It’s very strange to me that the most unequal nation among wealthy nations contains so many people who are able to claim that inequality is inevitable and to invent something called “human nature” that routinely ignores 96% of humanity as somehow not entering into its definition. It’s refreshing to see a film that systematically debunks this ridiculous project by examining history, science, and the history of science. Yet it’s a bit frustrating to notice that even A Dangerous Idea does not make use of the existence of the rest of humanity. One would think that claims that the poor must always be poor would be handily debunked by the existence of nations that used to have poverty and inequality and, in great measure, got rid of those things. Surely it’s harder work to build your case using only one corner of the earth and digging back through many decades than it is to mention other nations. In any case, harder or not, this film does an excellent job.

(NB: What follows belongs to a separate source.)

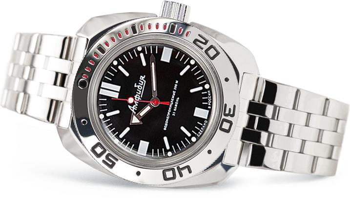 Мужские наручные часы Восток Амфибия 710916. Механические с ручным подзаводом. Браслет из нержавеющей стали. Браслет из нержавеющей стали. Органическое стекло. Часы являются водонепроницаемыми до 20 Бар. Цвет циферблата: Серебристый. Цвет корпуса: Черный. На стрелки и отметки нанесен светонакопительный состав, благодаря этому считывать информацию с циферблата возможно и в темноте. Толщина: 15 мм. Гарантия: 1 год.

Those who have pushed eugenics/genetics have been, not only plutocrats, but also financial interests such as lead paint manufacturers defending themselves in court against those they have harmed. Eugenics, understood as controlled reproduction, never went away; it just added “genetic engineering.” But its promises have proven as empty as its analytical powers, even if its promoters do seem to believe their own claims to the extent of investing great resources and energy into researching the “genetic basis” of “human nature.” It’s turned out that humans have only about one-fifth as many DNA sequences as wheat, and 90 percent of them identical to those of mice. The film debunks the idea of DNA as the determination of one’s future, and also notes the flaws in studies of identical twins. I wish that it had also taken the time to note the flaws in studies of separated identical twins.
That gene science may be junk science does not, of course, tell us that nature (as contrasted with nurture) doesn’t exist. But it does tell us that scientists are perfectly willing to swindle the public on behalf of powerful prejudist parties that have no more interest in pure knowledge for its own sake than does Lockheed Martin.
Eugenics was quite popular during the previous gilded age, and was largely imported from the United States to Nazi Germany. It shaped U.S. immigration policy, including the refusal to save millions of Jews. Then it changed its name, but it stuck around. When the Great Society programs under Lyndon Johnson reduced poverty in the United States by 40% without altering any genes, this was not taken as new data to be considered by our scientific heroes. It was taken as reason to reshape the lies and defund the programs.
And that’s exactly what Richard Nixon did, except that he boosted funding for birth control and sterilization for the poor, resulting in at least 400,000 non-consensual sterilizations. We watch footage of both President Reagan and President Clinton explicitly praising the racist nonsense of Charles Murray as grounds for tearing down welfare — a step that was predicted to push millions of children into poverty and which did so. And poverty is now killing large numbers of people in what most of those people proudly call “the richest nation on earth,” and which is in fact not the richest but near the top.
Poor Charlottesville has now made it into quite a number of films as the location of a fascist rally last year. This film frames the rise-of-fascism / footage from Charlottesville ending a bit differently from how some others have. Here we see these trends as part of a long-standing aristocratic struggle driven by greed but propped up by pseudo-scientific myth and mass-cultural repetition.
If we get rid of the idea that people’s fates are significantly determined by their biology in some manner that can be observed and predicted, we’ll have to abandon the notion that a population of born sociopaths are dominating us, along with the notion that certain disadvantaged groups must inevitably suffer and should therefore be made to suffer (which we could, if we preferred, abandon just because it makes no sense whatsoever). But we’ll be left with the fact that how we treat people from the moment they arrive on this doomed little blue dot can radically open up possibilities for them to become better than any of us — much less genetic scientist Nobel laureates — have ever dreamed of.